Dietitians tell us that ripe, raw apples contain more phosphates in proportion to their bulk than any other article of food, fish not excepted. A recent writer on this point boldly declares that in this lies the secret of healthful longevity. They correct biliousness and act as a sedative upon the racked nerves and allay insomnia.

“Eat uncooked apples constantly, although, of course, in moderation, and drink distilled water only, and years will be added to your life, while the evidences of age will be long in coming.

“This argument is based on the supposition that as age advances, the deposits of mineral matter in the system increase, and that aging is little more than a gradual process of ossification.

“Phosphoric acid contains the least amount of earth-salts, and for that reason is probably the nearest approach to the elixir of life known to the scientific world.

“If you want to live long, to retain your youth at the same time, and to increase your brain-tissue, eat plenty of apples, drink only distilled water, and eat as little bread as possible.

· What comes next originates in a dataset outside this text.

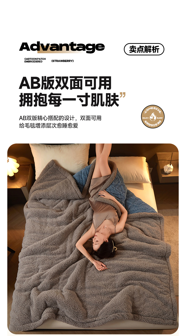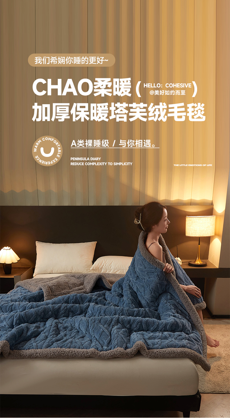 (总)澳梵家居 2024新款三层夹棉加厚塔肤绒毛毯-场景二
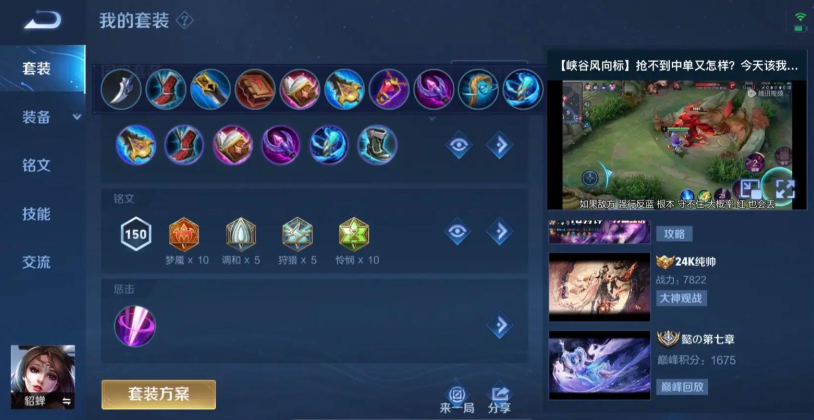 开局学一技能落·红雨准来回两段伤害清野速度杠杠的。之后主加一技能副升二技能,有大招就优先点大。二技能缘·心结可是貂蝉的灵魂,不仅用来赶路穿墙抢时间,躲技能关键就看那一下无敌帧,玩得溜的貂蝉能让对面技能全放空。召唤师技能老老实实带惩戒,这是打野的本分,控龙抢野就靠它了。要是对面控制多得让人头皮发麻,比如妲己墨子连环控,那净化也能考虑带一手,解掉控制才能继续跳舞。铭文搭配推荐10个梦魇、10个心眼、10个狩猎,这套组合给的法术穿透让前期打人更疼,移速和攻速加成走位刷野都顺手。

A diluted solution of phosphoric acid is also recommended to those who care to take pains to follow the diet here outlined.”

Tart apples are far more wholesome than sweet, and all, like potatoes, should be fully ripe when eaten.

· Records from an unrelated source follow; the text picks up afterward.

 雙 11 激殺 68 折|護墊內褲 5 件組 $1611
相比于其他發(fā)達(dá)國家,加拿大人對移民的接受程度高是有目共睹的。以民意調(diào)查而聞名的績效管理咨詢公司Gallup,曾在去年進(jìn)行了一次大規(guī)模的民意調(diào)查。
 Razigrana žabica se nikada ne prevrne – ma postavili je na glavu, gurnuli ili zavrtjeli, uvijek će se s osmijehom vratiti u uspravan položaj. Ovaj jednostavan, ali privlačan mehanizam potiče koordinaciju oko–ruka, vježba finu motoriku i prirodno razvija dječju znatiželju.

Wash and polish them for the table, arrange in a silver basket or glass dish, and pass silver knives with them. The touch of steel injures the flavor.

Peaches

Neither wash nor wipe. The soft down upon the cheek of a ripe peach is one of its charms. Keep on the ice until you are ready to serve, then pile in a fruit dish and garnish with peach leaves. Pass silver knives with them.

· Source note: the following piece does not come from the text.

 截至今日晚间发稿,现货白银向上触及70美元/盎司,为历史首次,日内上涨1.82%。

To prepare grapefruit for table

Cut the grapefruit in half, and dig out the hard core and seeds, leaving a hollow in the center. Loosen the pulp from the skin all around the sides of the fruit, so that it can be eaten easily with a spoon. The method from this point is determined by the individual taste. Some persons like the fruit without sugar. Others fill the hollow in the middle with sugar, and pour upon this a little rum, or sherry, or Maraschino. The addition of a few Maraschino cherries is often made, and in hot weather the fruit is sometimes laid in the ice.

Picked pineapple

Peel the pineapple and remove the little dark protuberances upon the surface of the fruit. With a fork pick or tear the fruit into strips, strew these with granulated sugar and set in the ice until wanted.

Pineapple and raspberries

Trim the bottom of a large pineapple so that it will stand upright. Cut off the top, but do not throw it away. With a sharp knife dig out the inside of the fruit, taking care that the knife does not penetrate the sides or walls of the pineapple. Put this hollowed case and the top into the refrigerator until needed. Pick the inside of the pineapple into tiny bits, and mix with it a cupful of red raspberries. Sweeten abundantly with granulated sugar, and turn the fruit into a glass, or a china jar, with a closely fitting cover. Put on the lid and bury the jar in the ice for several hours. Just before time to serve it, remove from the ice, fill the hollowed shell with the fruit mixture, replace the top on the pineapple and send to table.

Pineapple and strawberries

Cut off the top of a pineapple, and pare away the bottom so that it will stand upright and firm on the plate; scoop out the pulp, discarding the core; mix the pulp with strawberries cut in halves, the juice of an orange and sugar to taste. Return the mixture to the shell and chill thoroughly. Garnish the dish with leaves from the crown.

Strawberries

If large and ripe, do not cap them, but pass whole, with powdered sugar that each eater may help himself. Holding the stem as a handle, he dips the fruit in the sugar and nibbles it daintily.

Orange baskets

In halving large sweet oranges leave a strip of rind on one side that may serve as a handle to the other. Dig out the pulp from under and around the “handle,” leaving that in the lower “basket” intact. Set the baskets in ice until you are ready to serve. Tie a bow of narrow ribbon to each handle before sending to table. Eat with orange spoons.